Career highlights and awards
- 2× All-Star (1990, 1991); World Series champion (1990); NLCS MVP (1990);

= Rob Dibble =

American baseball player (born 1964)

Robert Keith Dibble (born January 24, 1964) is an American former Major League Baseball (MLB) pitcher and television and radio analyst. Dibble debuted in MLB with the Cincinnati Reds in 1988 and was named to two All-Star Games with the Reds. He was the 1990 National League Championship Series Most Valuable Player en route to the team's World Series win.

After dealing with injuries and ineffectiveness, Dibble pitched for Chicago White Sox and Milwaukee Brewers in 1995. After retiring as a player, Dibble has worked as a sports television and radio broadcaster.

==Personal life==
Dibble was born in Bridgeport, Connecticut. He attended St. Thomas School, a parochial school, and is a graduate of Southington High School in Southington, Connecticut. Dibble's father, Walt Dibble, was a longtime radio news director at WDRC and later WTIC in Hartford, Connecticut.

==Playing career==
Dibble was drafted by the Cincinnati Reds in the first round of the second phase of the 1983 MLB draft, and he made his debut with the Reds on June 29, 1988.

On June 4, 1989, Dibble threw an immaculate inning when he struck out all three batters on nine total pitches, occurring in the eighth inning of a 5–3 win over the San Diego Padres. During his career, Dibble was known for his temper. During a game in July 1989, he hit Mets second basemen Tim Teufel in the back with a pitch; Teufel then charged the mound, causing a bench-clearing brawl.

Dibble was an MLB All-Star in 1990 and 1991, and was the 1990 NLCS Most Valuable Player (along with fellow "Nasty Boy" Randy Myers). In 1990, Dibble and the Reds won the World Series by beating the Oakland Athletics in four consecutive games.

After saving a game in April 1991 despite giving up two runs in relief, Dibble threw a baseball 400 feet into the center-field seats at Cincinnati, inadvertently striking a woman. He was also involved in a brawl in 1991 with Astros shortstop Eric Yelding. Later in the 1991 season, he threw a baseball into the back of Cubs outfielder Doug Dascenzo as he ran down the first base line and was subsequently ejected from the game.

On June 23, 1992, Dibble recorded his 500th career strikeout in fewer innings—368—than any other pitcher in modern baseball history up to that point (Aroldis Chapman later passed him). After a September 18 game saw the Reds win without needing Dibble on the mound, the post-game interview of team manager Lou Piniella led to a scuffle when Dibble disagreed with Piniella's assessment that Dibble wasn't used because of a "bad shoulder". The two shoved each other in front of cameras that saw both of them have to visit team owner Marge Schott and management to go with an apology.
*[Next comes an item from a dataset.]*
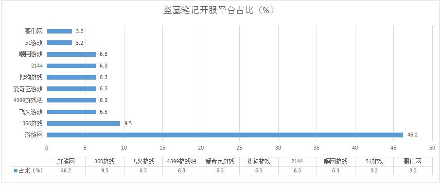 本周《盜墓筆記》開服數(shù)與上周基本持平,其在游族網(wǎng)的開服占比仍接近半數(shù),開服頻率為14服/天;其在多個(gè)平臺的開服占比為3.2%。

Dibble, seeing the trade of co-closer Norm Charlton to Seattle as a move that essentially anointed Dibble as their primary closer, stated his desire to turn a new leaf with two goals for 1993: save 40 games and improve his reputation. On April 21, he broke his left forearm during a game and was projected to miss six weeks. He returned in late May but had a 6.48 ERA in 45 games that saw him collect 19 saves. In April of 1994, Dibble required surgery for a torn rotator cuff in his right shoulder. It was speculated at the time that he would miss three months, but he ended up missing the entire season.

Dibble signed with the Chicago White Sox before the 1995 season. The team briefly suspended him after he criticized replacement players during the ongoing strike, saying the strikebreakers were "going to be labeled like child molesters for the rest of their lives." After failing to trade him during spring training, the White Sox sent Dibble to the Triple-A Birmingham Barons, where he went 0–2 in 11 games. He then pitched 16 games for the White Sox and after being released he was picked up by the Milwaukee Brewers, where he pitched in 15 more games. His combined MLB 1995 record was 1–2 with a 7.18 ERA, walking 46 batters in 21 innings.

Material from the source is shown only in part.